Posts Tagged ‘encryption’

Secure Portable Flash Drives with Mac OS X

KeychainI had $15 in expiring gift cards from when I bought my new TV, so I decided to pick up an inexpensive 2gig Flash drive online.

To increase my peace of mind, I decided to store everything important to me in an encrypted disk image on the device. I used the same method I use to create a FileVault image, and then just moved the image file over to the flash disk.

I’ve been really happy with the performance, and it’s great know that WHEN I lose this tiny thing, none of my private and very sensitive information will be accessible to whoever picks it up.

In addition, there’s really no additional barriers to using this encrypted disk image. I store the password to the disk image in my Keychain, and it’s also encrypted with the FileVault Master certificate as an added layer of protection against forgetting my password.

Sparsebundle Password

Finally, even though the following command creates a sparse bundle capable of storing 300 Gigs of data, the Finder will realize the image file lives on a 2 Gig flash drive, and will only display the free space available on the “parent” filesystem.
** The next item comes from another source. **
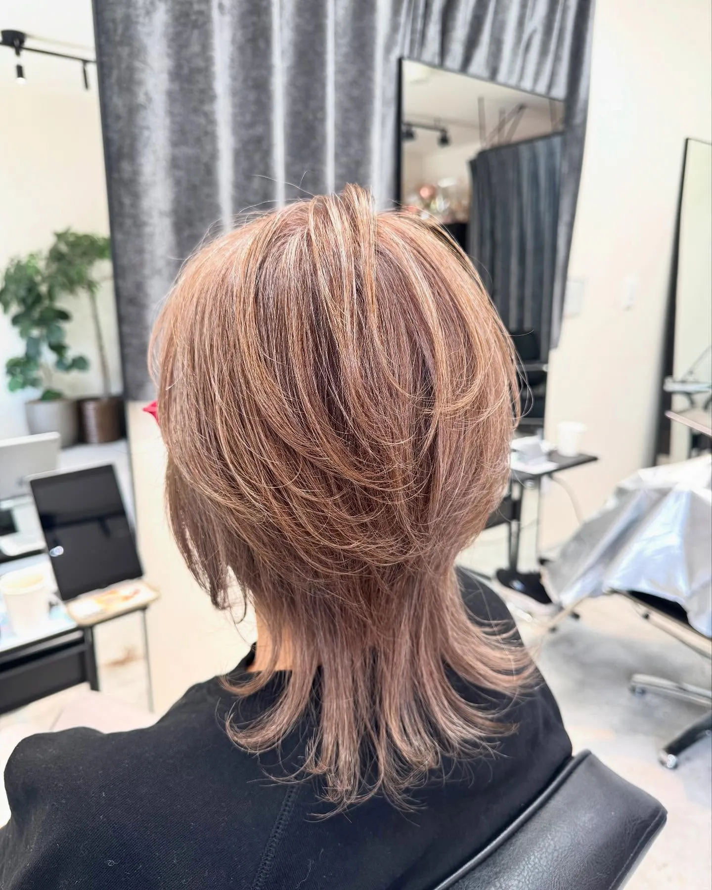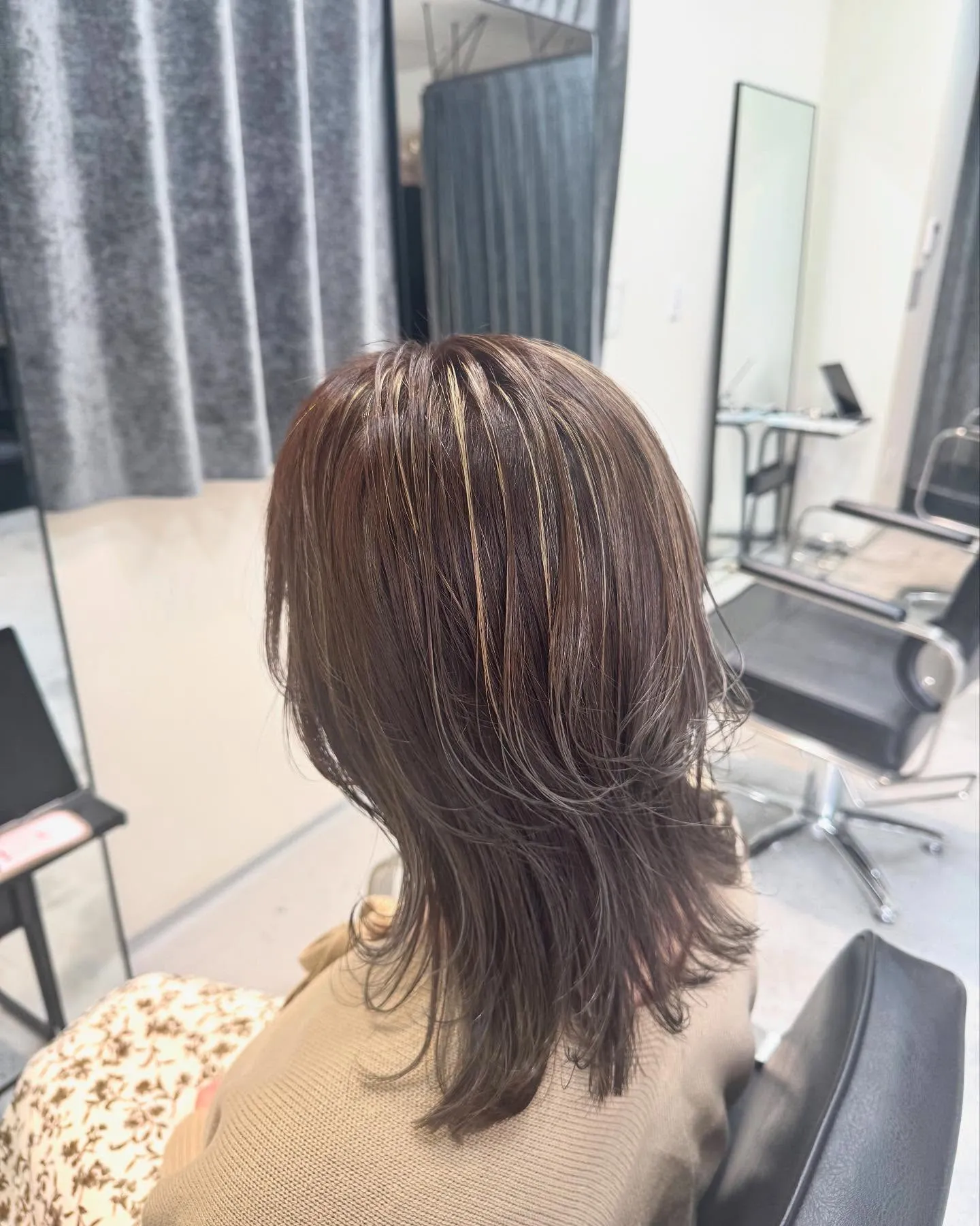 ウルフレイヤー🐺 ウルフレイヤー🐺骨格、生え方を見ながら拘りのカット後頭部のボリューム感もでやすく毛流れもつきやすいので立体ヘアにおすすめ🙆🏽ヘアカラーは白髪ぼかしをしながら明るく染めることで伸びてきても気にな…

The command to create the Leopard-only disk image is:

umask 077
export NAME="secure"
hdiutil create -size 300g \
    -encryption -agentpass \
    -mode 0700 \
    -fs "HFS+J" \
    -type SPARSEBUNDLE \
    -layout SPUD \
    -volname "$NAME" \
    "$NAME".sparsebundle;
 

Manually Migrate Tiger FileVault sparseimage to Leopard FileVault sparsebundle

So I’m finally running Mac OS X 10.5 Leopard on my portable. I’ve decided to migrate to the new sparsebundle style FileVault image, and here’s how I did it:

First, make sure you’ve created a FileVault master certificate by setting a master password in the Security preference pane.

Manually create the sparse bundle:

umask 077
export NAME="mccune"
hdiutil create -size 300g \
  -encryption -agentpass \
  -certificate /Library/Keychains/FileVaultMaster.cer \
  -uid 502 -gid 20 -mode 0700 \
  -fs "HFS+J" \
  -type SPARSEBUNDLE \
  -layout SPUD \
  -volname "$NAME" \
  "$NAME".sparsebundle;
chown -R "$NAME":staff "$NAME".sparsebundle

Make sure to set the password on the disk image the same as the password used with the user account, otherwise the system won’t be able to decrypt the image from the loginwindow.

Mount the sparsebundle:

hdiutil mount -owners on -mountrandom /tmp -stdinpass "$NAME".sparsebundle

Copy the contents of your home directory:

rsync -avxHE --progress /Users/mccune/ /tmp/dmg.TYSCwg/

After I did the initial pass with rsync, I logged out of my user account, and logged in using the administrator account in order to run the rsync process a second time, while my profile was in a steady state.